Decomposition
Models can be trained using pgml.train
on unlabeled data to identify important features within the data. To decompose a dataset into it's principal components, we can use the table or a view. Since decomposition is an unsupervised algorithm, we don't need a column that represents a label as one of the inputs to pgml.train
.
Example
This example trains models on the sklearn digits dataset -- which is a copy of the test set of the UCI ML hand-written digits datasets. This demonstrates using a table with a single array feature column for principal component analysis. You could do something similar with a vector column.
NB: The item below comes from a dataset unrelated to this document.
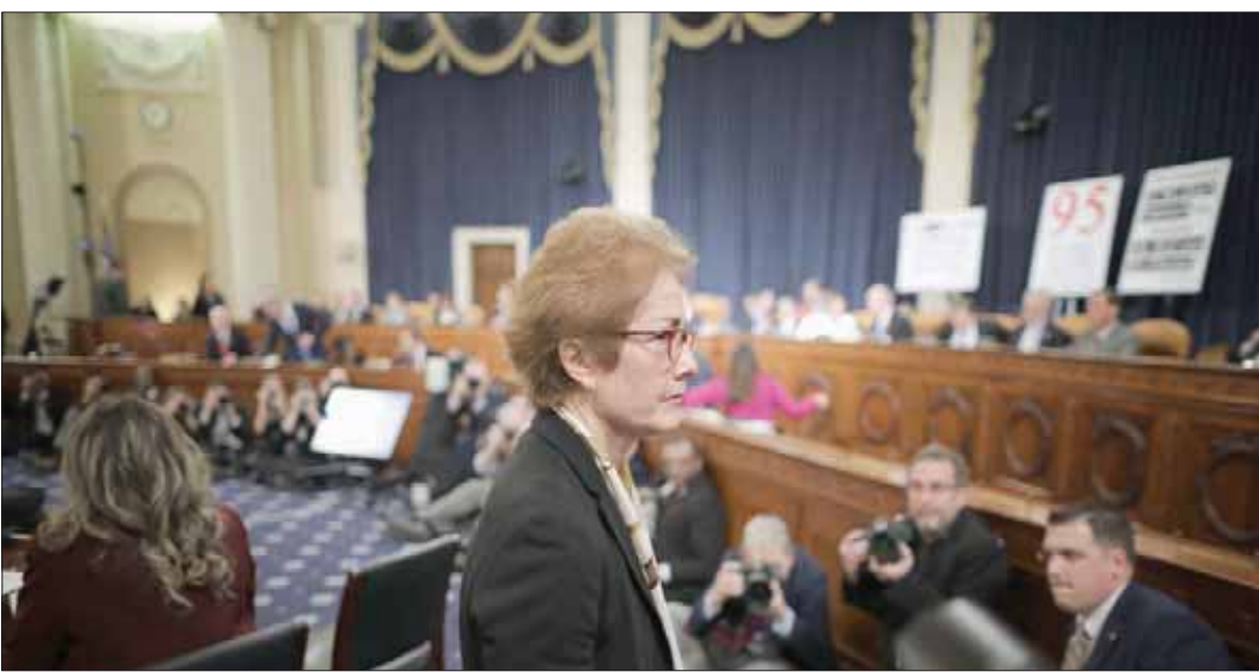
ماري يوفانوفيتش السفيرة الأميركية السابقة لدى أوكرانيا خلال استراحة من شهادتها أمام لجنة الاستخبارات

مطالباتهم بالكشف عن هوية المبلغ. وأتهم كبير الجمهوريين في اللجنة ديفن نونيز الديمقراطيون بالتخطيط لانقلاب على الرئيس الأميركي. وقرأ نونيز خلال جلسة الاستماع نص الاتصال الأول الذي أجراه الرئيس الأميركي بنظره الأوكراني فلاديمير زيلينسكي بعد فوز زيلينسكي بالانتخابات، وقد رفع البيت الأبيض السرية عن نص المكالمات تزامناً مع جلسة الاستماع. ولم يظهر نص المكالمات أي معلومات مفاجئة بل اقتصر على التهينة بفوز زيلينسكي وتعهدهم الرئيس الأميركي بارسال ممثلين عنه لحضور حفل التنصيب في أوكرانيا. وكان ترمب ذكر يوفانوفيتش خلال مكالمته مع زيلينسكي في الخامس والعشرين من شهر يوليو (تموز)، ووصفها بأنها مجرد خير سيئ، وقال إنها سوف تعاني من بعض الأمور، بحسب نص المكالمات، الأمر الذي

SELECT pgml.load_dataset('digits');
-- create an unlabeled table of the images for unsupervised learning
CREATE VIEW pgml.digit_vectors AS
SELECT image FROM pgml.digits;
-- view the dataset
SELECT left(image::text, 40) || ',...}' FROM pgml.digit_vectors LIMIT 10;
-- train a simple model to cluster the data
SELECT * FROM pgml.train('Handwritten Digit Components', 'decomposition', 'pgml.digit_vectors', hyperparams => '{"n_components": 3}');
-- check out the compenents
SELECT target, pgml.decompose('Handwritten Digit Components', image) AS pca
FROM pgml.digits
LIMIT 10;
Note that the input vectors have been reduced from 64 dimensions to 3, which explain nearly half of the variance across all samples.
Algorithms
All decomposition algorithms implemented by PostgresML are online versions. You may use the pgml.decompose function to decompose novel data points after the model has been trained.
Algorithm | Reference |
---|---|
pca |
PCA |
Examples
SELECT * FROM pgml.train('Handwritten Digit Clusters', algorithm => 'pca', hyperparams => '{"n_components": 10}');